Кто Гугенихой называл ее, кто Гугнихой — не в этом суть. Говорили, что счастье и благополучие будет тому, кто выпьет чарку за здоровье праматери казачьего рода! Да, начинался Яик с Гугенихи. Но возвысился он от Меркульева, Хорунжего, попа-расстриги Овсея, Егория-пушкаря, толмача Охрима, Богудая Телегина, Устина Усатого, Тимофея Смеющева, Федула Скоблова, храброго казака Рябого, великанши Пелагеи, кузнеца Кузьмы, Нечая, Ильи Коровина, Федьки Монаха, Герасима Добряка, с пленных татарок и донских баб, с утеклецов от орды и царя, с разбойников и злодеев, коих не дай бог вам увидеть даже во сне.


Цветь вторая

— Хорунжий грека заарканил! — пропетушил звонко Ермошка, вздыбив у дувана своего чалого жеребца.

Но атаман Игнат Меркульев и казаки даже не глянули на отрока, будто это воробей припорхнул, чирикнул бог весть о чем. В зернь играла вольница. Желтые из клыков слоновых кубики с кругляшами серебра и золота бросали и у войскового котла, и у атаманова камня, и у пушки, где спал пьяный поп-расстрига Овсей, и у дерева пыток, на суку которого вместо колокола висело громадное золотое блюдо. Рядом курились убогие избы, землянки. С дымом летели запахи ковриг, пирогов с осетриной, творога запеченного... Бабам подходить к дувану не полагалось. Они проходили к колодцу мимо — гордые, на казаков глаза не пялили, стать свою, вертлявость не показывали.
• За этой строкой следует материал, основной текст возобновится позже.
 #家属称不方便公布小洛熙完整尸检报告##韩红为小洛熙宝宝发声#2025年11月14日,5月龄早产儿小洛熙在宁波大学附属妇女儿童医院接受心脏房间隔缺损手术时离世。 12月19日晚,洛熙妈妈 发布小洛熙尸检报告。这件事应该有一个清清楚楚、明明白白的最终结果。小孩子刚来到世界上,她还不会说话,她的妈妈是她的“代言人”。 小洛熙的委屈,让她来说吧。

У девок любопытство вылазило.

Хихикали, глазами зыркали, норовили поближе к дувану подобраться, но боялись нагаек. Выжгут по спине так, что кровь брызнет. Спина выдюжит, а сарафана жалко. Кожа на спине зарастет, сарафан не срастется! А Ермошка бросает на них жеребца, того и гляди задавит Отгоняет подальше от дувана. Порядок блюдёт.

— Ставлю дюжину баранов! — басил Рябой, втыкая перед собой в землю турецкий клинок.
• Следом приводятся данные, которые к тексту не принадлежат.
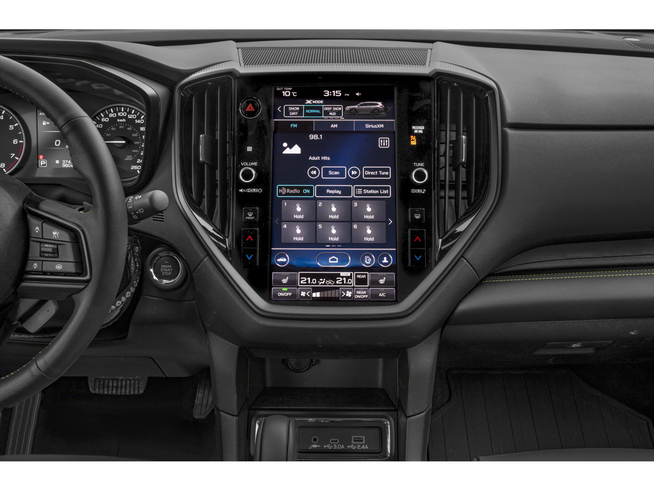 - Radio: Subaru 11.6" Multimedia Plus System -inc: AM/FM stereo HD Radio, multi-touch gesture high resolution display screen, voice activated controls, Bluetooth® audio streaming and hands-free phone connectivity w/SMS text messaging connectivity (refer to subaru.com for cell phone compatibility), Near Field Communication (NFC), iPod control capability, smartphone integration for Android Auto and Apple CarPlay w/full screen view and wireless connection, USB and Over The Air (OTA) audio system update, steering wheel control switches for audio and Bluetooth®, 6 speakers, 3.5mm illuminated auxiliary input jack, illuminated USB A and C input/charge ports, SiriusXM w/360L (4 months free trial included/subscription required after) and SiriusXM Travel Link (4 months free trial included/subscription required after)

— Ты, мабуть, пей мочу кобыл, и дохлого верблюда поставишь? — загнусавил Устин Усатый.

— Играй на свою персиянку пленную, — предложил Федька-Монах.

— Мне она задаром не нужна! — осклабился Егорий-пушкарь.

— Прочь удались и меня ты не гневай, да здрав возвратишься! Энто так витийствовал древлегреческий гусляр Гомер! Снимай потому серьгу! — протянул руку дед Охрим.

— Дюжину баранов, — упрямился Рябой.

— Из откудова у тебя дюжина? — прищурился Гришка Злыдень. — Одну животину с ногой поломатой ты вчерась на вертеле зарумянил. Двух у тебя намедни зарезала волчица бешеная. Знахарке ты овцу дал. А самого жирного, златокудрого барана я энтой ночью у тебя, каюсь, уворовал!

Казаки загоготали. У Меркульева даже слезы от смеха брызнули. И Микита Бугай от хохота на траву запрокинулся. Рябой вскочил с клинком и бросился свирепо на Гришку Злыдня. Но тот вертко отбивался саблей и сам норовил проткнуть противника. Долго топотали они, задыхаясь от ярости, делая стремительные выпады.

— В пузо ему тычь, в пузо! — подсказывал Микита Бугай Злыдню.

— Слева, обманкой бери, Рябой! — советовал Тихон Суедов.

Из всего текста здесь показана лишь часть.